Es posible asegurar que la literatura norteamericana no registra un caso similar al suyo, ni una tendencia que pueda considerarse como la prolongación en el tiempo de esa sombría y tenebrosa línea de conducta estética creada por Edgar Allan Poe. Los norteamericanos –y en esto se diferencias fundamentalmente de los ingleses– perdieron el sentido del misterio.
Conan Doyle, S.S Van Dyne, Ellery Queen, no estarían quizá disfrutando de su justo prestigio si no se hubieran escrito Las narraciones extraordinarias o El crimen de la calle Morgue.

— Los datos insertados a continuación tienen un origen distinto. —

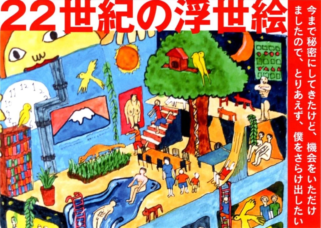 22世紀の浮世絵をテーマに、「この世界、ちょっとヘンで面白い。」街角や野良猫、銭湯など、何気ない日常を自分の頭で再構築。「今まで秘密にしてきたけど、機会をいただけましたので、とりあえず僕をさらけ出したい」――その想いを込めて。
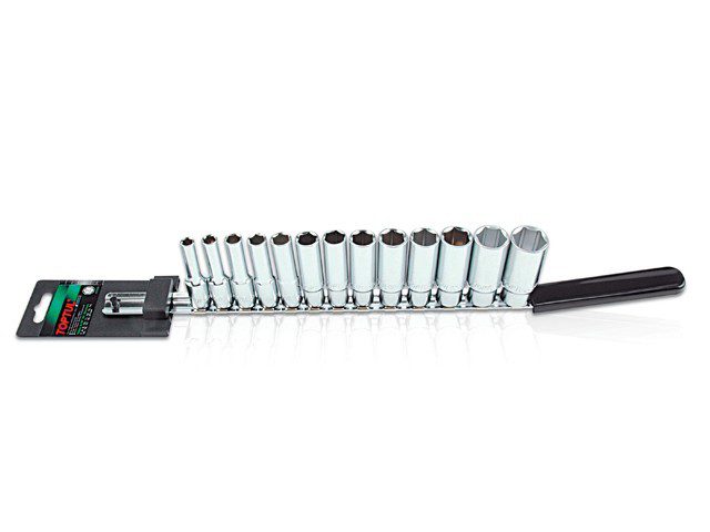 Набор головок 3/8″ TOPTUL включает в себя 13 глубоких шестигранных головок (7 – 21 мм) с динамическим профилем, изготовленных из хром ванадия. Применяются при работе с крепежом на высоких шпильках и резьбовыми деталями удлиненной формы. Рекомендуется для профессионального использования.
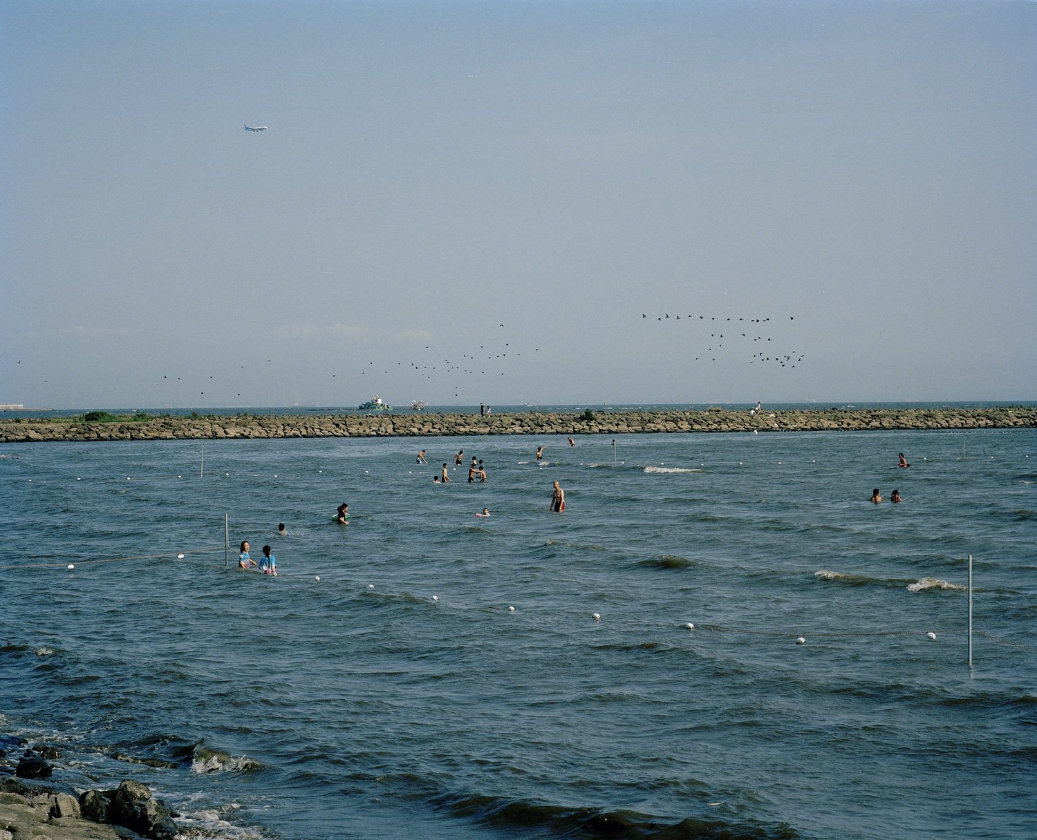 Leisure Landscapes shows a different Japan and examines two recreational areas in Tokyo Bay. They are among the few opportunities for citizens to swim in the sea within the city - with the water quality sometimes appearing questionable. The project refers, among other things, to the long tradition of bathing in Japan and includes images that can be reminiscent of traditional Japanese woodcarvings.
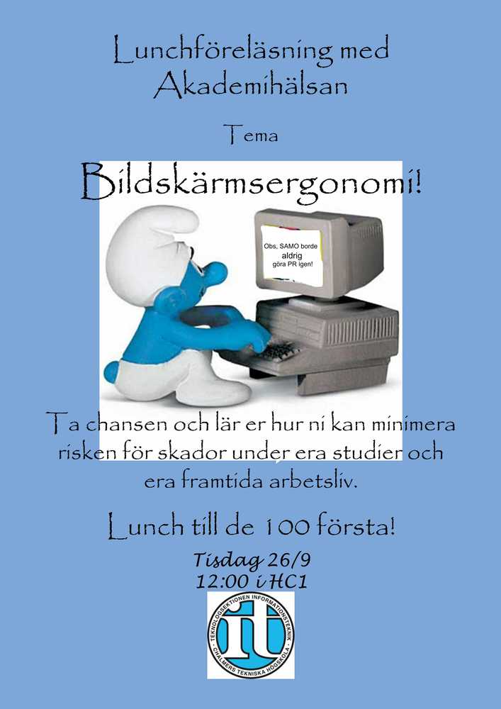 Många av er som läser IT spenderar en del tid framför bildskärmar av olika slag, och sannolikt kommer ni att fortsätta göra det under era studier på IT och under era framtida arbetsliv. Akademihälsan kommer att ge tips på hur man på bästa sätt kan planera sin arbetsplats, arbetsställningar och även rörelser för att minimera risken för skador.

No es justo el penetrante Aldous Huxley cuando acusa al extraordinario narrador norteamericano de haber incurrido en la vulgaridad, al reincidir sistemáticamente sobre las situaciones de terror. Es necesario pensar que la reincidencia de Poe en su propia temática no es sino el resultado de una definida personalidad literaria, condicionada por una definida aunque amarga personalidad humana.

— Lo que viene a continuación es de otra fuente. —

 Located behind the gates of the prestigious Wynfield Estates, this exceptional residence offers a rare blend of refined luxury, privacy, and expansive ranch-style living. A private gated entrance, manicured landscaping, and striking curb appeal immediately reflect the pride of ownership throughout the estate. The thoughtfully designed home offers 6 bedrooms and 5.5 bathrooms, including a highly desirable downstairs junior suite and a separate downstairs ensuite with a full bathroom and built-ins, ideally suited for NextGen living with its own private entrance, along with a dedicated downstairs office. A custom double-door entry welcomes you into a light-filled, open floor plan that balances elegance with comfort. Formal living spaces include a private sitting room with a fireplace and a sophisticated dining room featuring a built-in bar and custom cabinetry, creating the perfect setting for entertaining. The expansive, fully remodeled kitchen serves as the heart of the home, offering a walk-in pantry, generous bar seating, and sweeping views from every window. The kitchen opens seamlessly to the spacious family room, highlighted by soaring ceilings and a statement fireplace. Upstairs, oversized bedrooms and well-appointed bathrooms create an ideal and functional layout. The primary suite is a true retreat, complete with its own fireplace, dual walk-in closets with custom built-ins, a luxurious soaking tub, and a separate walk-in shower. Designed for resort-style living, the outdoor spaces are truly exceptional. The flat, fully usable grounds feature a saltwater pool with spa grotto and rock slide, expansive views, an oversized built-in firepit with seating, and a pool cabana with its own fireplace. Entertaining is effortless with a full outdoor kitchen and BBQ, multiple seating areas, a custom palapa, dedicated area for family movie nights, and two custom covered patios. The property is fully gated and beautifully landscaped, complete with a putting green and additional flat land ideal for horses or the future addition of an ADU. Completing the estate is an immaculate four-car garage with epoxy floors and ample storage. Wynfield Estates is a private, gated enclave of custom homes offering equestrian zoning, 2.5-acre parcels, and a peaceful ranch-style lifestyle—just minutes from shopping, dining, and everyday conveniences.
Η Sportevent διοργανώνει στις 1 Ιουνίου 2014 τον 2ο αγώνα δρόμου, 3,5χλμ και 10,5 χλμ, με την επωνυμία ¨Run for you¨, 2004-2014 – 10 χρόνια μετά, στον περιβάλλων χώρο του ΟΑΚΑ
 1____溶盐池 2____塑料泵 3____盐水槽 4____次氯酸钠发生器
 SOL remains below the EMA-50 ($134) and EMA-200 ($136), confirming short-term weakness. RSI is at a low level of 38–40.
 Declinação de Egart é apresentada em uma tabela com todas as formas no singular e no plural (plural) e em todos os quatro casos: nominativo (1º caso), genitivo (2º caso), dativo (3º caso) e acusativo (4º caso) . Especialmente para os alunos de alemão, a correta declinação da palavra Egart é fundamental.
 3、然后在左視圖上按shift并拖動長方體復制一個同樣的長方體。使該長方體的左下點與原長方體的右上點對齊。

Conmovedora condición humana, finalmente, el sentimiento de impotencia, de insuficiencia, que limitó la posibilidad de Poe –como hombre– y que es la justificación de su torturante y desolada producción literaria.
El método deductivo empleado por los autores de la llamada novela de misterio –con el cual logró planes de maestría insospechada Conan Doyle– tiene su perfecto antecedente en El escarabajo de oro.